Europe Caught Between Two Incompatible Architectures
The European Union was not merely an observer in Évian. Emmanuel Macron warned his counterparts that while Washington could "flip the switch overnight," American AI companies would also suffer. Narendra Modi expressed similar concerns. No agreement was reached. The status of "trusted partner" would remain defined by Washington, according to Reuters, and could be unilaterally revoked by the Department of Commerce.
Mistral AI illustrates this ambivalence on the Old Continent. The French unicorn had built its identity on open efficiency before its most ambitious business model went through Microsoft's Azure. On Hugging Face, Qwen3-72B recorded 640,000 downloads in the first week of April, compared to 380,000 for Codestral. Between the American ecosystem it commercially depends on and the Chinese open-source dynamic encroaching on its territory, Mistral maintains an increasingly precarious balance.
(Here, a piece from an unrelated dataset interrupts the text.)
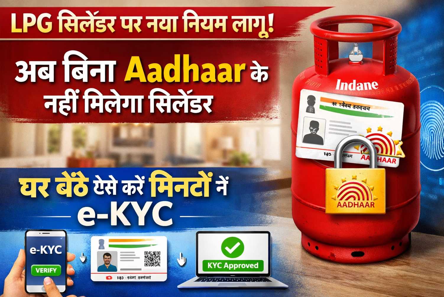 LPG सिलेंडर पर नया नियम लागू! अब बिना Aadhaar के नहीं मिलेगा सिलेंडर, घर बैठे ऐसे करें मिनटों में e-KYC

Other European players are pursuing their own paths. Multiverse Computing, a Basque startup founded in Donostia, aims for a valuation of over 1.5 billion euros by compressing high-performing open-source models using quantum-inspired mathematics to deploy them on consumer hardware, with Iberdrola, Bosch, and the Bank of Canada among its declared clients. The approach is coherent, and the niche is real. But as Arthur Mensch, CEO of Mistral, pointed out at the Évian summit: the paramount question for non-American countries is control over their AI supply chain.
The good news for Europe: two options are available, one free and the other paid. The less good news: neither one awaits its opinion to exist.